Marking out the route
The BioMarker IGF project, supported by Marie Curie Actions an EU research fund managed by the Research Executive Agency (REA), aims to address this problem by identifying and validating biomarkers for the IGF-I signalling pathway in cancer in other words, what prompts the cancer to grow.
The IGF-1 signalling pathway is active in a majority of cancers and contributes not only to the growth of tumours and the ability of cancer to spread, but also to a lack of responses to many existing therapies, including chemotherapy and radiation, says Professor Rosemary OConnor, the project coordinator.
To successfully combine the right drugs to attack a particular cancer or subset of cancers, biomarkers of activity, which means being able to assess the status of the IGF-1 pathway in patients cells, are required, she adds. These biomarkers will ultimately determine which kinds of cancer may benefit from which drug combinations.
The research is being carried out by experts in IGF-1 signalling at University College Cork in collaboration with experts in pharmacogenomic (the influence of genetic variation on drug response) approaches to biomarker discovery in cancer at Almac Diagnostics, a Northern Irish Biomarker Discovery, Development and Delivery company.
The collaborative aspect, which includes extensive transfer of knowledge and experience, as well as exchanges of researchers, is integral to the projects success. The co-operation is also expected to lead to the development of commercial applications.
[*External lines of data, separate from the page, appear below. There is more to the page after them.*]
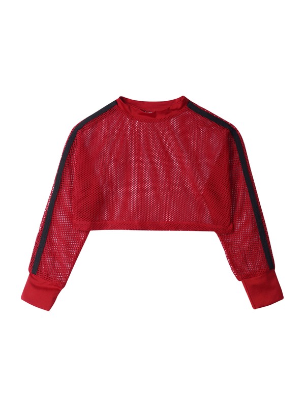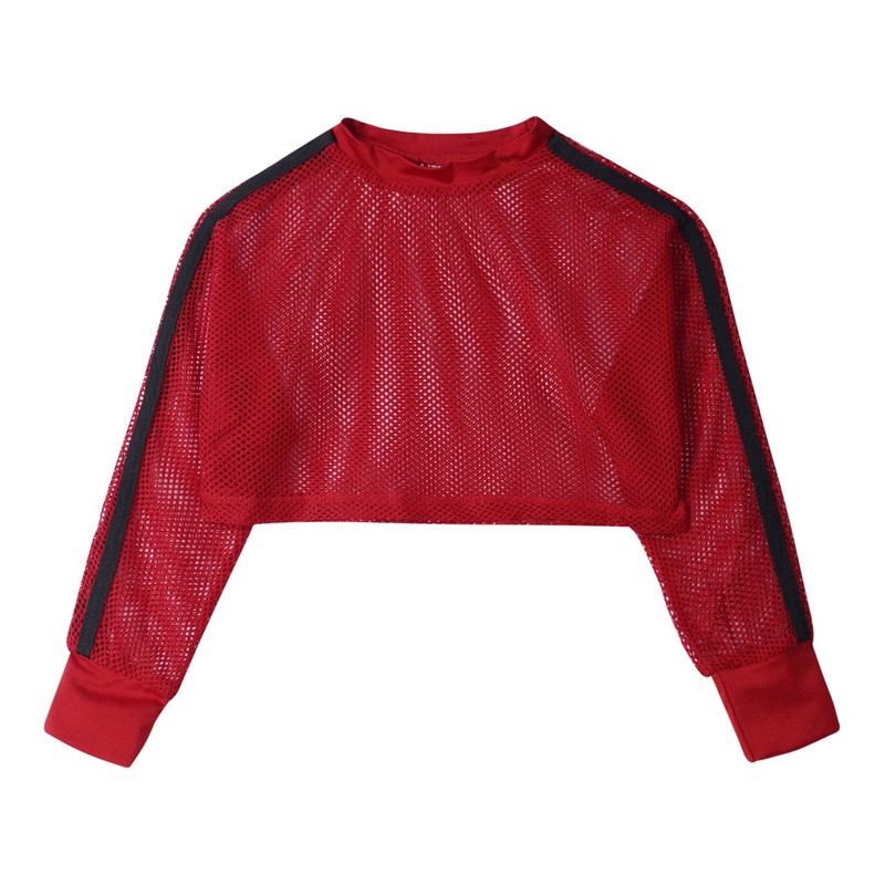 Drawstring hooded crop top for girls, mesh patchwork long sleeve, make girl cool and fashion.
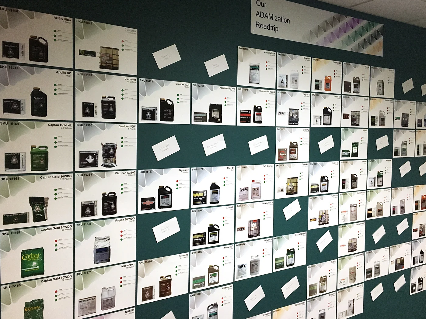 Every product is showcased by SKU level on a template, amounting to 96 SKU’s. The installation is comprised of images and a checklist of criteria mounted on a template. The visualization is evolving and temporary on a wall in ADAMA's Raleigh office. Each panel has the ability to be taken down once it meets the new brand standards. The ultimate goal is for each product to achieve those standards.
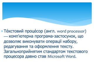 текстовий процесор, його призначення 1. 2. Те́кстовий проце́сор (англ. word processor)
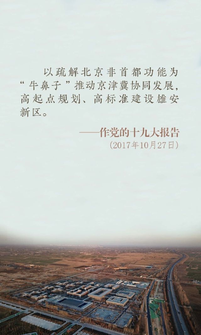 2017年2月,京津冀協同發展戰略提出三周年之際,習近平總書記來到正在規劃的河北雄安新區和北京市考察。4月1日,新華社受權發布:中共中央、國務院決定設立河北雄安新區。
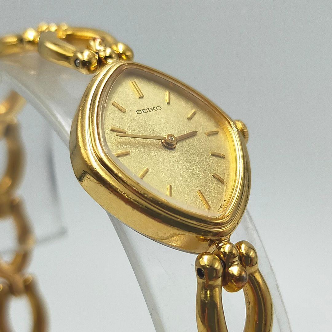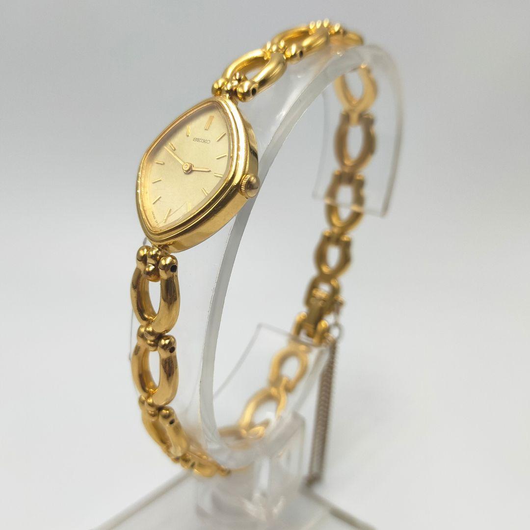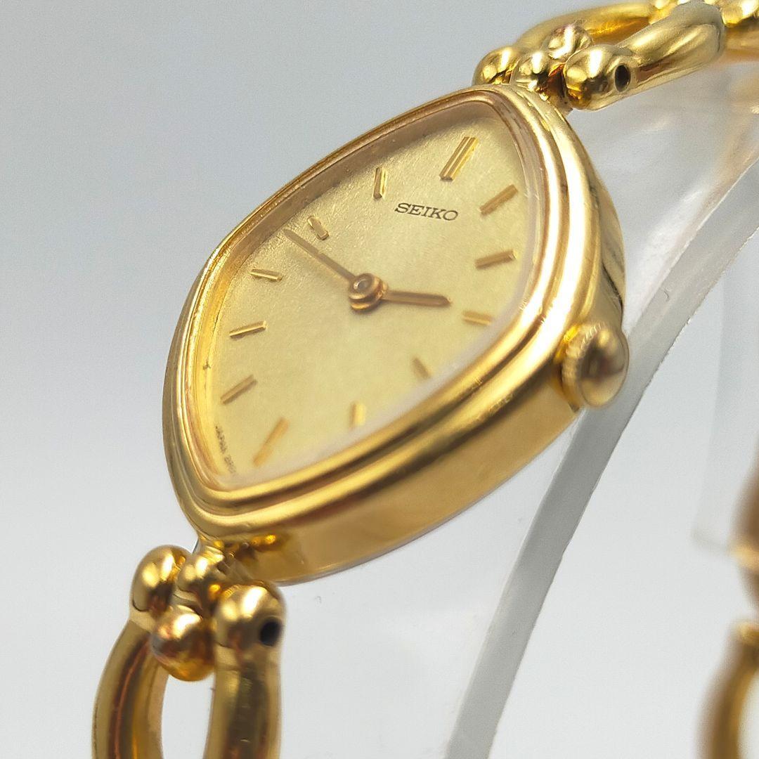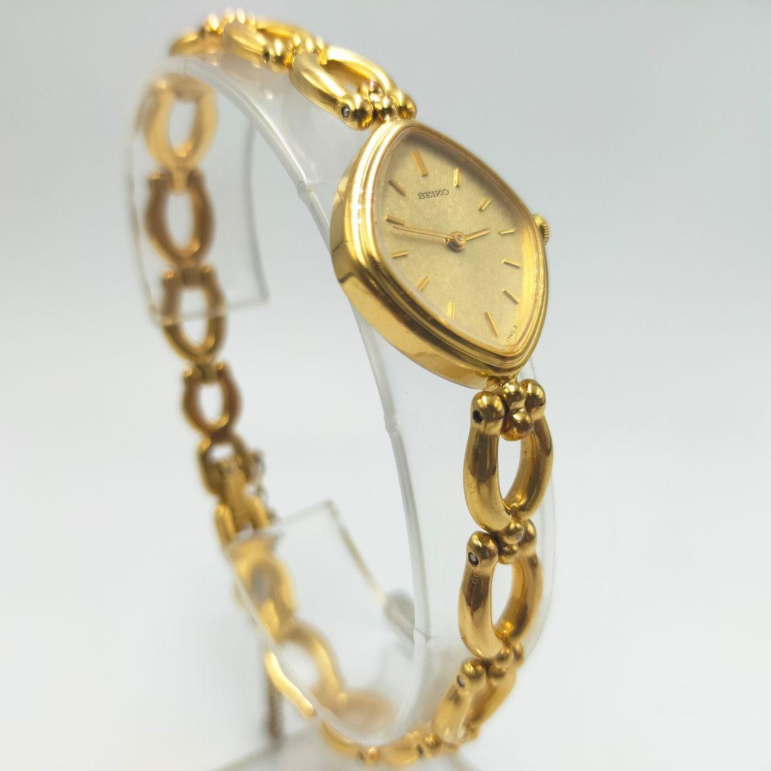 【稼働品】SEIKO 希少 ダイヤモンド型ケース ゴールド レディース腕時計
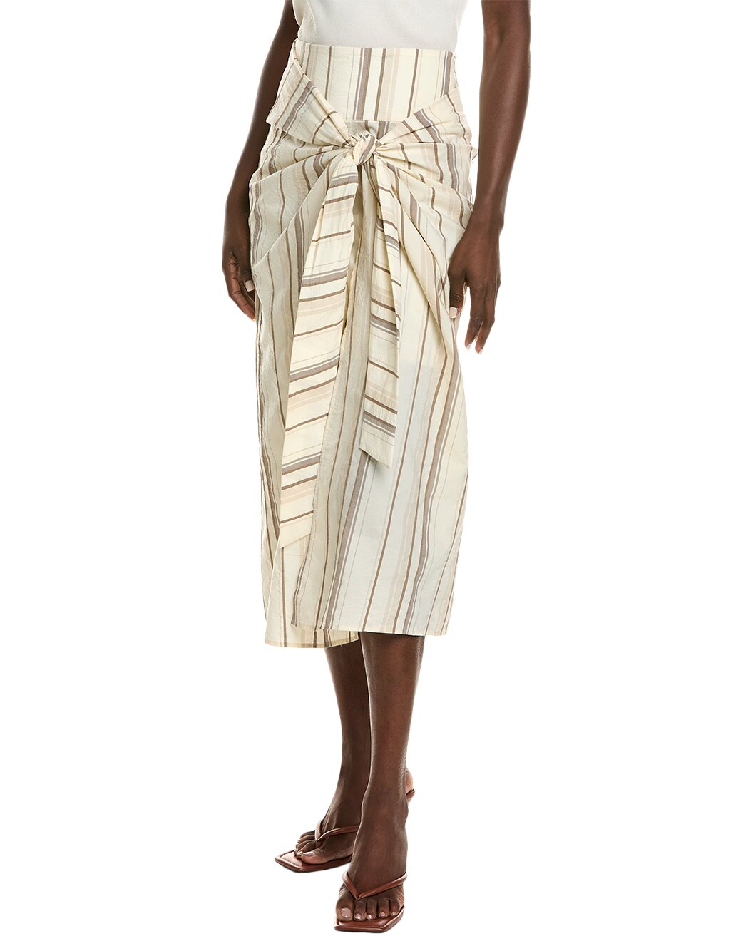 BRUNELLO CUCINELLI WOMEN'S STRIPED WRAP MIDI SKIRT
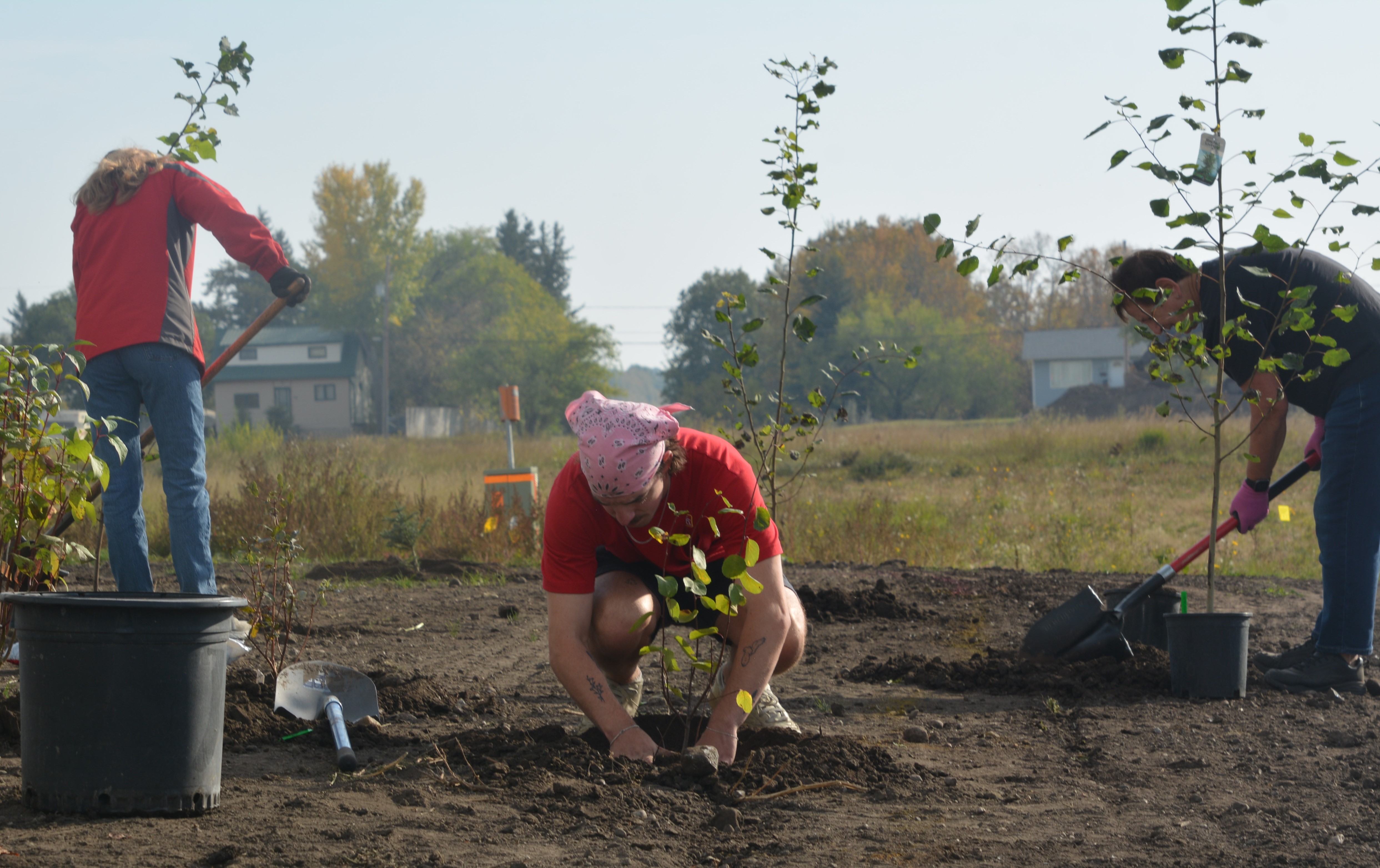 Meadow Lake’s new Co-op Centre is looking a little greener after volunteers planted about 82 trees Wednesday to mark National Tree Day.

Our industry partner Almac is currently engaged in developing diagnostic tools for the treatment of cancer, Prof. OConnor says. Other companies and clinical investigators are also testing inhibitors of the IGF-1 pathway.
Prof. OConnor says that the ultimate objective of the project is to select a clinically validated signature or biomarker for IGF-1 pathway activity in one or more cancers. This would ideally be used to select patients or subsets of cancers suitable for inhibitors of this pathway in combination with other therapies, she concludes. The biomarkers could also be used to monitor therapy responses.
The project team is currently in the process of analysing data from genomic screens to identify good matches. These will then be validated using patient databases, and tested in clinical trials.